With Russia’s invasion of Ukraine dominating the news, I thought I’d draw a connection between that conflict and global energy that, in my view, is not getting sufficient coverage. Energy policy should be a crucial part of an informed national debate. As it turns out, both Nancy Pelosi and Lindsey Graham are calling for playing the “oil” card (banning imports of Russian oil) as an economic weapon. At the same time, the Biden administration has come out against it, with Secretary of State Antony Blinken saying, “There’s no strategic interest in reducing the global supply of energy. The immediate effect would be to raise prices at the pump for Americans and also to pad Russian profits with rising prices.”

For my readers, it’s essential to comprehend, at a high level, what the war of aggression in Ukraine and energy flows signifies in the world’s economy. Holoeconomics is a valuable framework to achieve this understanding.

Prussian military strategist Carl von Clausewitz, lithograph by Franz Michelis after an oil painting by Wilhelm Wach, 1830

First, what of war? Clausewitz famously said that “Der Krieg ist eine bloße Fortsetzung der Politik mit anderen Mitteln,” which is usually translated as “War is the mere continuation of politics by other means.” But the German word “bloße” (translated as “mere”) can also mean “naked” or “unclothed”, so my preferred translation is “War is the fully exposed extension of politics using alternative resources.” Relevant to Ukraine, Clausewitz also wrote:

“But there is another reason which can bring the act of war to a standstill, namely the imperfect understanding of the case. Every military leader only knows his own position exactly while his knowledge of the position of the enemy can only be based on imprecise information. He can therefore err in his judgment and, as a result of this error, he may believe that any disruption is of his opponent's doing when it is actually of his own. This lack of insight could result in untimely action just as often as untimely inaction and would therefore produce both the delay and the acceleration of the act of war in equal measure. Uncertainty will always have to be regarded prima facie as one of the factors that can bring the act of war to a standstill. But if we reflect on our tendency to overestimate the power of our opponents, because it lies in human nature to do so, we must admit that imperfect information must contribute significantly to delays in war, thus reducing its effectiveness.

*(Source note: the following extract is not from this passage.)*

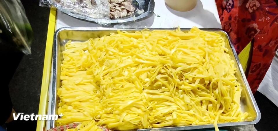 Màu sắc bắt mắt từ những sợi phở ngô Tuyên Quang được thái tay thủ công. (Ảnh: Trịnh Huyền/Vietnam+)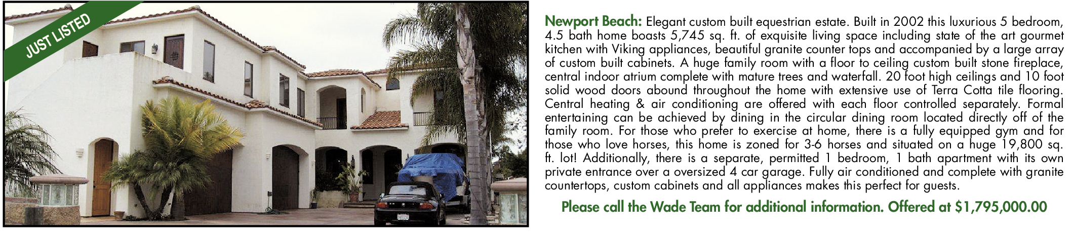 Newport Beach: Elegant custom built equestrian estate. Built in 2002 this luxurious 5 bedroom, 4.5 bath home boasts 5,745 sq. ft. of exquisite living space including state of the art gourmet kitchen with Viking appliances, beautiful granite counter tops and accompanied by a large array of custom built cabinets. A huge family room with a floor to ceiling custom built stone fireplace, central indoor atrium complete with mature trees and waterfall. 20 foot high ceilings and 10 foot solid wood doors abound throughout the home with extensive use of Terra Cotta tile flooring. Central heating & air conditioning are offered with each floor controlled separately. Formal entertaining can be achieved by dining in the circular dining room located directly off of the family room. For those who prefer to exercise at home, there is a fully equipped gym and for those who love horses, this home is zoned for 3-6 horses and situated on a huge 19,800 sq. ft. lot! Additionally, there is a separate, permitted 1 bedroom, 1 bath apartment with its own private entrance over a oversized 4 car garage. Fully air conditioned and complete with granite countertops, custom cabinets and all appliances makes this perfect for guests.

The possibility of stagnation introduces a new moderation into the act of war, reducing its effectiveness with time, removing hazards in passing, while increasing the means of restoring balance. The greater the tensions that gave rise to the war, that is, the greater its initial energy, the shorter such pauses will be; the weaker the justification for war, the longer. Stronger motivations increase willpower, and this, as we know, is always a factor, that generates leverage.”

Carl von Clausewitz “Vom Kriege” (On War; 1832), Chapter 1 (“What is war?”) part 18 (“A second reason lies in the imperfect understanding of the case”1) Translation mine from the original German.

There are many current themes to this historical viewpoint. I’ll leave it up to you to connect the dots. Time and historians will shape the story for the Russia-Ukraine conflict, but the main take-home is that war hasn’t changed over time. Strong defiance, as shown by the Ukrainians, can lead to a standstill even in the face of long odds, especially when the motivation for war is weak.

Now, on to holoeconomics. Here’s what the world flow of oil looks like:

Data from the BP Statistical Review of World Energy, July 2021. The data shown are from 2019.

Notably, the Americas are pretty much self-sufficient. In other words, the “wedges” for production and consumption are nearly equal—if the rest of the world went away, we’d be insulated (at least in terms of energy flow). The Middle East, Russia, and Africa are net producers. At the same time, Europe and, most significantly, the Asia Pacific (which includes densely populated China and India, plus industrialized Japan and South Korea) are net consumers.

If the United States unilaterally banned imports of Russian oil, it would have little direct effect on our energy supply for domestic consumption. But unless we convinced others to follow our lead (as with other sanctions), it would also have little impact on the Russian economy. There’s not enough transoceanic trade in oil to unilaterally affect Russia. But, if our European allies chose to join us, they could face a dark future unless other suppliers replaced their Russian imports. Plus, the Asia Pacific countries would also need to join us. Given geography and pipeline infrastructure, that is unlikely. Significant, new pipelines flow from Russia into China (the largest consumer in the region) as part of the Chinese government’s “Belt and Road” initiative. Despite the benefit of a stable world order to international trade, the Chinese government has been unwilling so far to fall in line with the broad international condemnation of Russia’s aggression.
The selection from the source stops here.